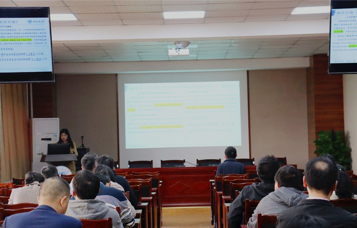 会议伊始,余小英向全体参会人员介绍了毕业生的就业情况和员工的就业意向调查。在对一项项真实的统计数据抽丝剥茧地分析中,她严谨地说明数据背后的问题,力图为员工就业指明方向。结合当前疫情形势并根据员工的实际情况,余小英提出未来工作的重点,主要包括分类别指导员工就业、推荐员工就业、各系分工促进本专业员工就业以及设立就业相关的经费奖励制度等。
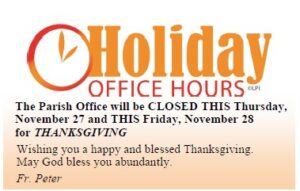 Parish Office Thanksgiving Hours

━━━━

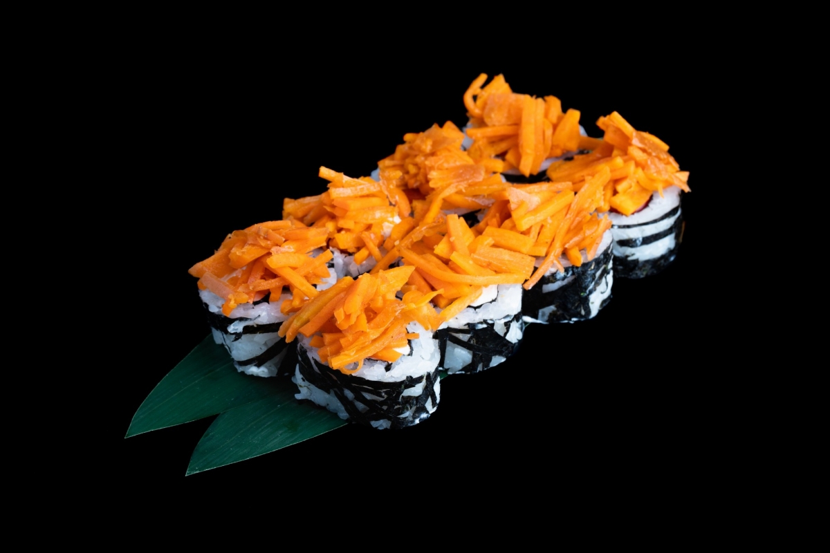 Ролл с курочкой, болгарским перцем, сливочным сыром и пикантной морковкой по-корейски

━━━━

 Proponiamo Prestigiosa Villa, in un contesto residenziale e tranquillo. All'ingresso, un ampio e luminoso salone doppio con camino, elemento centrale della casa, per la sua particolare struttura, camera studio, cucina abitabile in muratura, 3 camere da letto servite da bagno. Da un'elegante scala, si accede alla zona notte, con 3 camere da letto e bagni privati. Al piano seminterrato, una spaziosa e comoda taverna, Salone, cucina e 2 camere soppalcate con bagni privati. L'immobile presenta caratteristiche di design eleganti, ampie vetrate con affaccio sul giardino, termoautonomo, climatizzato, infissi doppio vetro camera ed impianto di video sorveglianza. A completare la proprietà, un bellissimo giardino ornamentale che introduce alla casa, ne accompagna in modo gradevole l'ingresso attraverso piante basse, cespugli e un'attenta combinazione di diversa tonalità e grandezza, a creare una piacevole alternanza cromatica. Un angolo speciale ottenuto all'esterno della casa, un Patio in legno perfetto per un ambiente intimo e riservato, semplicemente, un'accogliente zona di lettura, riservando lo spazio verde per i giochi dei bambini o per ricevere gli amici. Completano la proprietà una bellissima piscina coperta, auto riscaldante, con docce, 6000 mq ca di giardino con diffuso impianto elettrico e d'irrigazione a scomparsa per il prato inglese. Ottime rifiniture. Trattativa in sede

━━━━

- **Work item**: Copy out exactly the material that runs from the line with "会议伊始,余小英向全体参会人" to the line with "Parish Office Thanksgiving Hours", ends included, and leave the pictures behind.

- **Worked solution**:
 会议伊始,余小英向全体参会人员介绍了毕业生的就业情况和员工的就业意向调查。在对一项项真实的统计数据抽丝剥茧地分析中,她严谨地说明数据背后的问题,力图为员工就业指明方向。结合当前疫情形势并根据员工的实际情况,余小英提出未来工作的重点,主要包括分类别指导员工就业、推荐员工就业、各系分工促进本专业员工就业以及设立就业相关的经费奖励制度等。
 Parish Office Thanksgiving Hours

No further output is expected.